Money transfers It may be a sign of an attempt at tight control that the parent company reported nearly $2 billion changing hands in 56 financial transfers of eleven types with 24 subordinate organizations in 2018, netting $444 million for the parent company in 2018. More than $77 million of that net to the parent was from for-profit companies.

But it is hard for any outsider to know how much control the board of Sentara Healthcare and the boards of the subordinate companies had over the moving of that much money in so many different transactions.

Transfers that are other than for the actual value of goods or services rendered also can present management challenges to the subordinate companies as can being forced to send much of their earnings to the parent. For example, Optima transferred $60 million to its parent in a transaction classified as “Other transfer of cash or property from related organization(s)”.

Finally, the financial transfers make it hard to value a company if it is spun off or sold because a buyer cannot know either whether the financial transfers for goods and services were at fair market value or how that company would have developed with more independence and control over its money.

Within Inova, such transfers are rare and in relatively small amounts, likely for those reasons.

Bottom Line on Sentara IRS guidelines say is important that each charity be thoughtful about the governance practices that are most appropriate for that charity in assuring sound operations. I have every expectation that the independent members of the Sentara Healthcare board of directors are good people and skilled at their jobs on the board.

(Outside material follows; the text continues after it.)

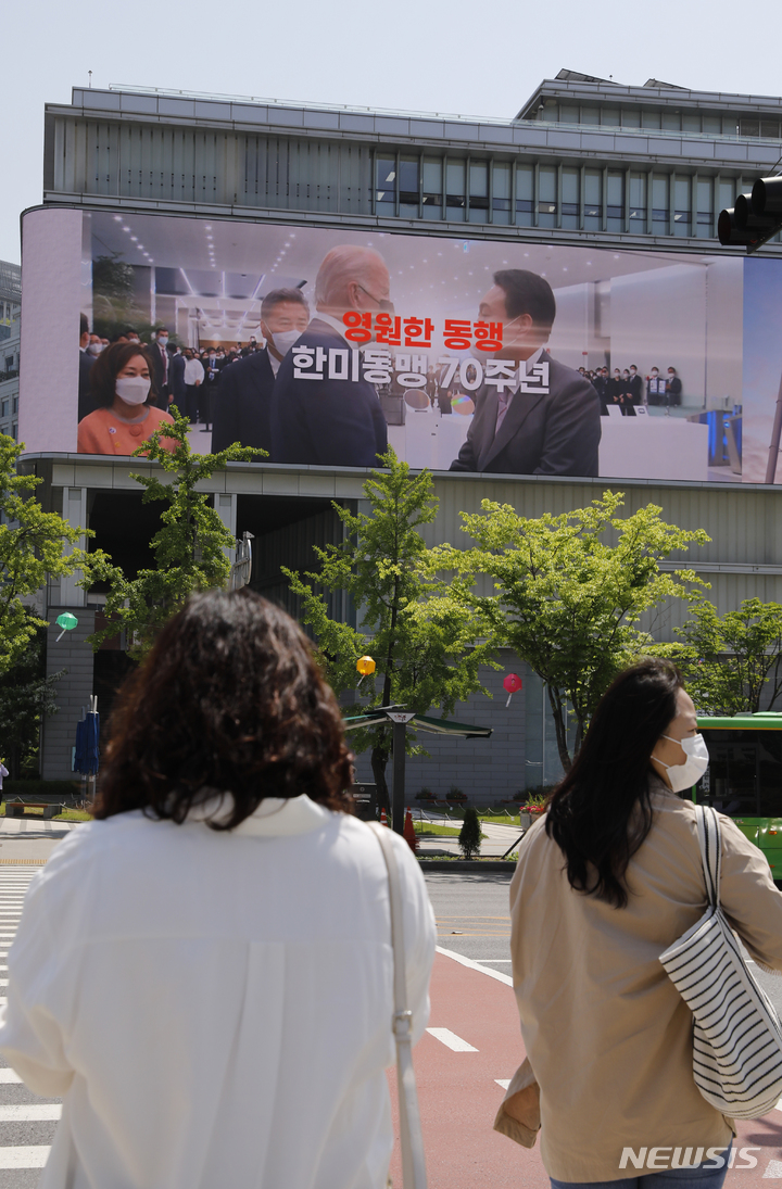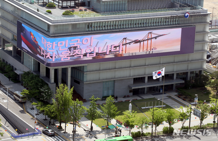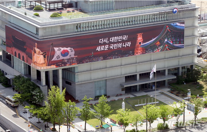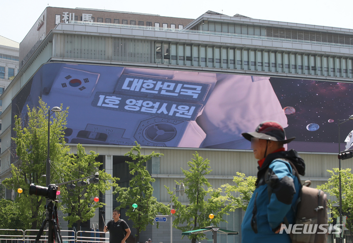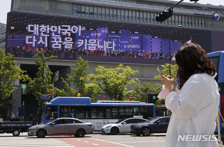 尹錫悦(ユン・ソンニョル)大統領就任1周年を迎えるに当たり、大韓民国歴史博物館(ソウル市鍾路区)のKカルチャー・スクリーンで9日午前、韓国の宇宙・防衛・輸出・先端技術・文化産業などのビジョンが込められた「国政ビジョン国民共感」3Dアナモルフィック・メディアアート映像が流れている。

I find it unlikely, however, that a volunteer, unpaid board such as Sentara’s can meet four times a year — the IRS is told in the Form 990 that each independent board member works one hour per week — and provide the tight oversight required in an organization of the size and structural complexity of the 63 separate companies of Sentara.

Thus the evidence from Sentara’s own IRS reporting appears to suggest that the oversight and management issues at Sentara may be systemic.

My assessment is that the controversies are going to keep coming and Sentara’s business practices will remain periodically in question until the Sentara Healthcare board both makes major structural changes to the organization of the whole enterprise and improves the governance of its major components.

I hope they will do it. Maybe they are already working on changes because of the pending merger discussed next. If so, I hope these inputs help.

Final note Sentara has a merger pending FTC approval with the Cone Health in Greensboro. Sentara will run the new combined corporation.

It is fair to ask whether adding this new system to the one that Sentara currently has in place bodes well for the future unless there are significant reforms to the organizational architecture and oversight at Sentara.